Although modern laboratory reproduction obtained opaque red and orange glass only through management of the heat treatment [
17], Roman glassmakers would control the colour with the manipulation of the chemical composition of the glass.
The concentration of lead oxide was different in the two groups (Gr-4 and Gr-5), which could be related to the control of the number and the size of the particles. It was observed that the higher the concentration of lead, the larger the cuprite crystals were. On the contrary, a cut of the lead content aided the increase of small-sized Cu
2O particles [
18]. It could explain the higher concentrations of lead in the sealing wax (PbO 28–30.4 wt.%) more than the orange samples (PbO 8–22.4 wt.%).
It is usually accepted that antimony is used as a reducing agent in the sealing wax technology [
87]; however, the moderate concentrations revealed by the chemical analyses, complicates an accurate interpretation. Antimony probably acted as nucleant agent, favouring the aggregation of cuprous ions, rather than reducing agent [
87]. In Roman sealing wax, the content of antimony oxide is usually lower than 2 wt.%, while it was higher than 4 wt.% in the sealing wax produced before the Roman age [
6,
18,
70]. It suggests a change in the recipes, probably due to a different antimony-bearing material or because of an improvement in the heat treatment process. In the orange samples (Gr-5), antimony, iron and tin were often higher than 1 wt.%, suggesting an intentional addition to encourage an increase of the nucleus number. The reduction of Cu
2+ to Cu
+ was much easier than that of Cu
+ to Cu°, hence the moderate amount of reducing agent (such as Fe
2+, Sn
2+, Sb
3+) might hamper the precipitation of metallic copper. However, a strong reducing agent such as metallic iron, metallic tin and carbon should be excluded, in order to avoid the formation of metallic lead, which could damage the wall of the ceramic crucible.

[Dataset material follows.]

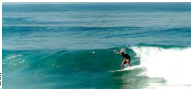
A surfer snags a clean right-hander at Umdloti.

With its great weather (more than 320 sunny days a year) the people of the Zulu Kingdom are sport crazy!

The procedure to produce these two colours required different heat treatments for the formation of Cu
2O crystals of specific dimensions. In the sealing wax, it was important that the molten glass was laid at temperature slightly below the melting temperature (for a long period), to promote the formation of few nucleus. A second step was probably a gradual and prolonged cooling phase, in order to encourage the growth of crystal [
17]. On the contrary, to produce orange glass, the molten glass should be maintained at a temperature lower than the sealing wax, in order to increase the number of small cuprite crystals [
17].
The euhedral calcium antimonate crystals, detected in sample AR2, were not considered to be a possible opacifying agent or a voluntary addition to achieve a specific hue. It most probably formed as the glass started to cool or laid a temperature below the melting point, for a prolonged period [
18]. In sealing wax red glass, no devitrification products were detected. High concentrations of lead probably obstructed the formation of devitrification products that prevented the development of cuprite [
18].
The presence of sealing wax among the
sectilia of Lucius Verus villa could open a new path in the definition of the correct chronology of its production. Other authors encountered sealing wax in Roman mosaic tesserae and enamels, but only until the 1st century AD [
43,
44]. In our case, sealing wax was abundantly present, which could suggest that during the 2nd century AD, this technology was not abandoned but was still well-known. Likely, the control of colour in the sealing wax was more difficult than in the brick red (Gr-1), which needed less time in its production. These factors would have favoured the employment of sealing wax only for high-status clients and at special request.